Performance Considerations
==========================
The current implementation is pretty simple and does not use any
custom sql - it is purely based on the Django ORM. Right now the
query ::
result_objects = list( ModelA.objects.filter(...) )
performs one sql query to retrieve ModelA objects and one additional
query for each unique derived class occurring in result_objects.
The best case for retrieving 100 objects is 1 db query if all are
class ModelA. If 50 objects are ModelA and 50 are ModelB, then two
queries are executed. If result_objects contains only the base model
type (ModelA), the polymorphic models are just as efficient as plain
Django models (in terms of executed queries). The pathological worst
case is 101 db queries if result_objects contains 100 different
object types (with all of them subclasses of ModelA).
Performance ist relative: when Django users create their own
polymorphic ad-hoc solution (without a module like polymorphic.py),
they will tend to use a variation of ::
result_objects = [ o.get_real_instance() for o in BaseModel.objects.filter(...) ]
which of course has really bad performance. Relative to this, the
performance of the current polymorphic.py is rather good.

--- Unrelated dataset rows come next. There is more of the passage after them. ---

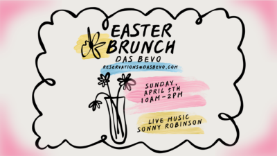 Join us for a fun, casual brunch with family and friends. We’ll be serving up delicious brunch favorites and great drink specials from 10am–2pm. Please note, this is not a buffet brunch. Live music from Sonny Robinson. Reservations are encouraged as it’s a holiday. Please email reservations@dasbevo.com. Cheers!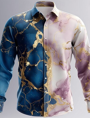 Pánské Spád Mramor Abstraktní tekuté umění Košile Košile na knoflíky Dlouhý rukáv Móda pro volný čas Venkovní Denní Streetwear Jaro Podzim Přehnutý 3D tisk Len jako košile Vodní modrá Fialová Zlat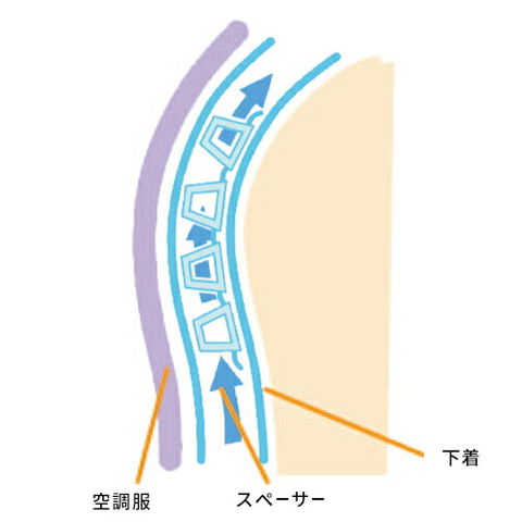 | ・背中や肩の空気流通路を確保するためのオプションです。 ・背中に荷物を背負う際や、服地が厚く重い空調服を着用する際に有効です。 ・独自開発の3次元立体構造のスペーサーは、空気流通路を確保するための強度と、着用時に体にフィットするための柔軟性を兼ね備えています。 ・重量は約190gと軽量です。 |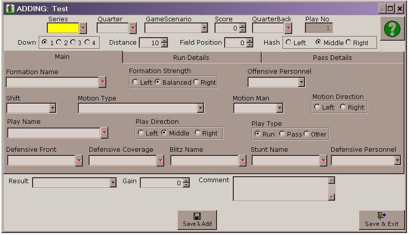 The MAIN Tab shown below contains descriptive information about the type of Formation and Play run by the Offensive team and the Type of Defensive Scheme used by the Defense. Information about Personnel groups on Offense or Defense as well as information about Shifts and Motion used by the Offense can also be entered in this section. This information is collected just prior to the snap and as the play develops.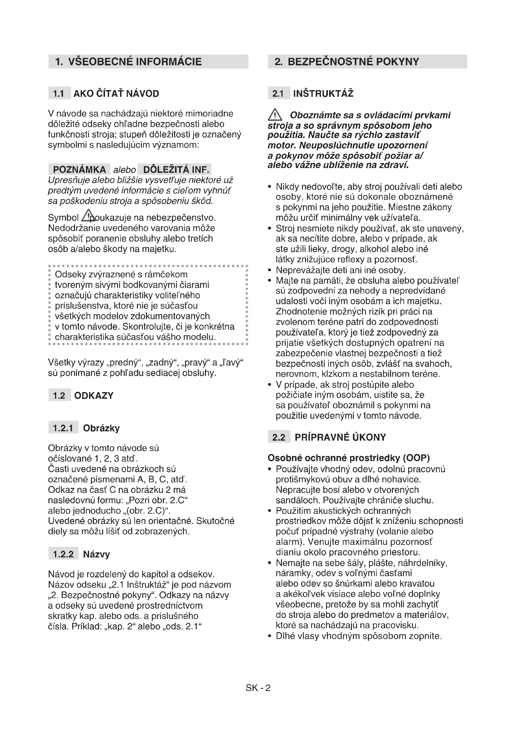 Návod je rozdelený do kapitol a odsekov. Názov odseku „2.1 Inštruktáž“ je pod názvom „2. Bezpečnostné pokyny“. Odkazy na názvy a odseky sú uvedené prostredníctvom skratky kap. alebo ods. a príslušného čísla. Príklad: „kap. 2“ alebo „ods. 2.1“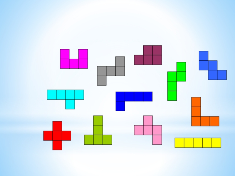 С.Голомбом и очень быстро увлекла не только школьников и студентов, но и профессоров математики. Она заключается в складывании фигур из заданного набора пентамино. Набор пентамино содержит 12 фигурок, каждая из которых составлена из пяти(«пента» по-гречески означает «пять») одинаковых квадратов, которые соседствуют друг с другом только сторонами.

It's well possible that the current implementation is already
efficient enough for the majority of use cases.
Chunking: The implementation always requests objects in chunks of
size Polymorphic_QuerySet_objects_per_request. This limits the
complexity/duration for each query, including the pathological cases.
Possible Optimizations
======================
PolymorphicQuerySet can be optimized to require only one sql query
for the queryset evaluation and retrieval of all objects.

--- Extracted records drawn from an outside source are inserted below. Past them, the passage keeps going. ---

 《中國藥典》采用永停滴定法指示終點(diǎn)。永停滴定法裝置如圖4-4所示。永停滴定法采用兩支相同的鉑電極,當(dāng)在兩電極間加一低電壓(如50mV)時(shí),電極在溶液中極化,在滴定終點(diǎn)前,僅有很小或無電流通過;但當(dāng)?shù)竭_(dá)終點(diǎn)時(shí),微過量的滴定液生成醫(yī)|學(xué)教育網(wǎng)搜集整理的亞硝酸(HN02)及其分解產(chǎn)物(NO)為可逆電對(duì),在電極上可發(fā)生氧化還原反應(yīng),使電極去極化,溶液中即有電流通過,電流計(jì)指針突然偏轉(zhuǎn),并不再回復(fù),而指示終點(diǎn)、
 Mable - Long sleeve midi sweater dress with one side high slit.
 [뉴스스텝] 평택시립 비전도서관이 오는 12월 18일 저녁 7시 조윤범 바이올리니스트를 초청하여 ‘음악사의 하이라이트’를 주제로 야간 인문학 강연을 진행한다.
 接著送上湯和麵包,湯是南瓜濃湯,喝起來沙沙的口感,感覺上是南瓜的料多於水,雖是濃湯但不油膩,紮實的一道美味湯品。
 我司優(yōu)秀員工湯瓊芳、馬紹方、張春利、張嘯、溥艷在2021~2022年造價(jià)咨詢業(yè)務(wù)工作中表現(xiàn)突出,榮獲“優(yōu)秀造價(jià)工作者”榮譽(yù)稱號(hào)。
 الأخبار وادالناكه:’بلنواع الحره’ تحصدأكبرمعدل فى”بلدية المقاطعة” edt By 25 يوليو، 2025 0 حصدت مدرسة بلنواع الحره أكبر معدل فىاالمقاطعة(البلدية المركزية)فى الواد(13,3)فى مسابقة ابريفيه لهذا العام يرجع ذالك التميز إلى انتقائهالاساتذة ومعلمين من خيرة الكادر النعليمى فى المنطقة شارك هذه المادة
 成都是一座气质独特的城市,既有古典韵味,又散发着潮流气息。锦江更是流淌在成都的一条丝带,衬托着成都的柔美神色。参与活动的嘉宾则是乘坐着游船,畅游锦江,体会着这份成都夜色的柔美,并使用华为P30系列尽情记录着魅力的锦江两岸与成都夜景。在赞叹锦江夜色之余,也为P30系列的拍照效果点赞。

Basically, what ist needed is a possibility to pull in the fields
from all relevant sub-models with one sql query. In order to do this
on top of the Django ORM, some kind of enhhancement would be needed.
At first, it looks like a reverse select_related for OneToOne
relations might offer a solution (see http://code.djangoproject.com/ticket/7270)::
ModelA.objects.filter(...).select_related('modelb','modelb__modelc')

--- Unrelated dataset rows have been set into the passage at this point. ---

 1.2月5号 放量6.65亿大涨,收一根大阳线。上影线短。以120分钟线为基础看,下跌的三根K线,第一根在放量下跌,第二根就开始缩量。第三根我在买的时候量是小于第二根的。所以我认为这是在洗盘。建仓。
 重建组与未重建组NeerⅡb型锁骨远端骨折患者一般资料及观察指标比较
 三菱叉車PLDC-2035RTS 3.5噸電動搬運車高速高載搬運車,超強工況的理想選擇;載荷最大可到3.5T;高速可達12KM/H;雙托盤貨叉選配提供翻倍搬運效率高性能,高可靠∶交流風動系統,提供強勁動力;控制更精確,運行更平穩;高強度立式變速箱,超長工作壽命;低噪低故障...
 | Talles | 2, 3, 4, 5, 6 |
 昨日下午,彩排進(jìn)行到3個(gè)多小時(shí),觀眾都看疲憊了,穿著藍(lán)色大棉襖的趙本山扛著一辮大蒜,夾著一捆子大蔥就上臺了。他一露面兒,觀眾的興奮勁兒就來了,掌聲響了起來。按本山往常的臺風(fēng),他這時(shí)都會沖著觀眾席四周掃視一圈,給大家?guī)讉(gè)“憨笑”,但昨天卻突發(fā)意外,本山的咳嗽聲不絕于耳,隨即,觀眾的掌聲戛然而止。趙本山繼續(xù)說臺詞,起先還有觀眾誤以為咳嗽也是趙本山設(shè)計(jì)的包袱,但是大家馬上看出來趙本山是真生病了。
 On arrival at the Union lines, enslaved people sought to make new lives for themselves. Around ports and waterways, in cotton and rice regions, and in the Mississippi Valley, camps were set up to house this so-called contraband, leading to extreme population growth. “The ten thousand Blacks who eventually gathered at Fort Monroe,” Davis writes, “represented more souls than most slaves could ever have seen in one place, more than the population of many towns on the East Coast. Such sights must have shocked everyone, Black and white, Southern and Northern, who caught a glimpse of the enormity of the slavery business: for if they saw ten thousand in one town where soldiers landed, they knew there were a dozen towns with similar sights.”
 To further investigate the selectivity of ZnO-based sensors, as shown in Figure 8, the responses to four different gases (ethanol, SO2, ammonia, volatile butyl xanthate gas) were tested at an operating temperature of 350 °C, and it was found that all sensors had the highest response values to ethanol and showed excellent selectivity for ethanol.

This approach has a number of problems, but nevertheless would
already execute the correct sql query and receive all the model
fields required from the db.
A kind of "select_related for values" might be a better solution::
ModelA.objects.filter(...).values_related(
[ base field name list ], {
'modelb' : [field name list ],
'modelb__modelc' : [ field name list ]
})
Django's lower level db API in QuerySet.query (see BaseQuery in
django.db.models.sql.query) might still allow other, better or easier
ways to implement the needed functionality.
SQL Complexity
--------------
Regardless how these queries would be created, their complexity is
the same in any case:
With only one sql query, one sql join for each possible subclass
would be needed (BaseModel.__subclasses__(), recursively).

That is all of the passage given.